La paix, une nécessité pour lutter contre la faim

À l’occasion de la Journée mondiale de l’alimentation (16 octobre 2015), Mme Ertharin Cousin, directrice générale du Programme alimentaire mondial des Nations unies, a demandé à la communauté mondiale de prendre des mesures pour que le monde atteigne l’objectif « faim zéro ». Toutefois, la réalisation de cet objectif ne sera pas possible sans un monde en paix, comme le montre une fois de plus l’Indice de la faim dans le monde de cette année.

On estime que 172 millions de personnes sont menacées par des conflits dans le monde entier.
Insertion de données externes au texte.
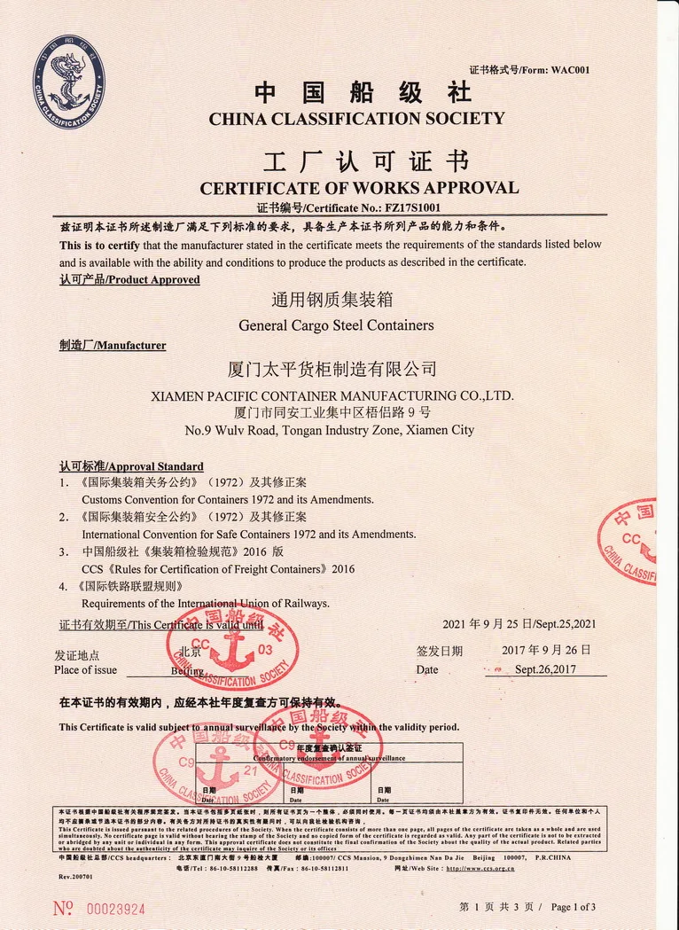 The shipping containers are made of corten steel and are able to withstand extreme tempreture ranging from -40 °c to 70°c, and all have been certified by major Classification Society(CCS) completely conforming to International Standard.
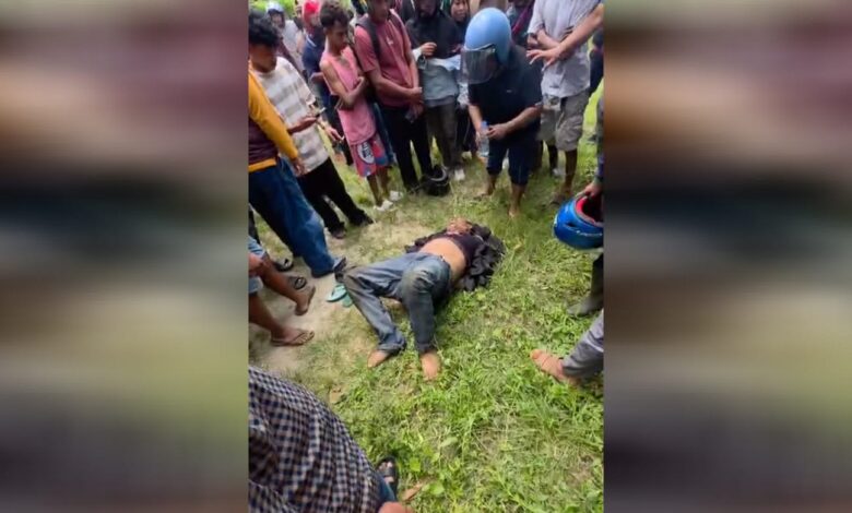 Warga yang geram dengan aksi pelaku langsung mengamankannya dan mengikat tangannya.

Traditionnellement présenté avant la Journée mondiale de l’alimentation par l’Institut international de recherche sur les politiques alimentaires (International Food Policy Institute – IFPRI), dont le siège est à Washington DC, États-Unis, et par les organisations Welthungerhilfe et Concern Worldwide, le nouvel Indice de la faim dans le monde (IFM) met en évidence le lien étroit qui existe entre les conflits et la faim. Comme l’indique le rapport, les famines d’aujourd’hui sont des urgences humanitaires complexes ayant essentiellement pour causes les conflits armés.
Cela apparaît tout particulièrement dans les guerres actuelles auxquelles participent des milices ethniques, des groupes paramilitaires, des mercenaires et des forces internationales, parallèlement aux armées nationales et aux forces rebelles. Les pays victimes de conflits violents, de longue durée ou répétés, peuvent connaître une augmentation considérable des niveaux de sous-alimentation, une plus forte réduction de l’accès à l’éducation et une mortalité infantile bien plus élevée que dans des pays stables ayant pourtant une situation économique comparable. Les organisations d’aide humanitaire ont difficilement accès aux victimes et toute solution à long terme est problématique.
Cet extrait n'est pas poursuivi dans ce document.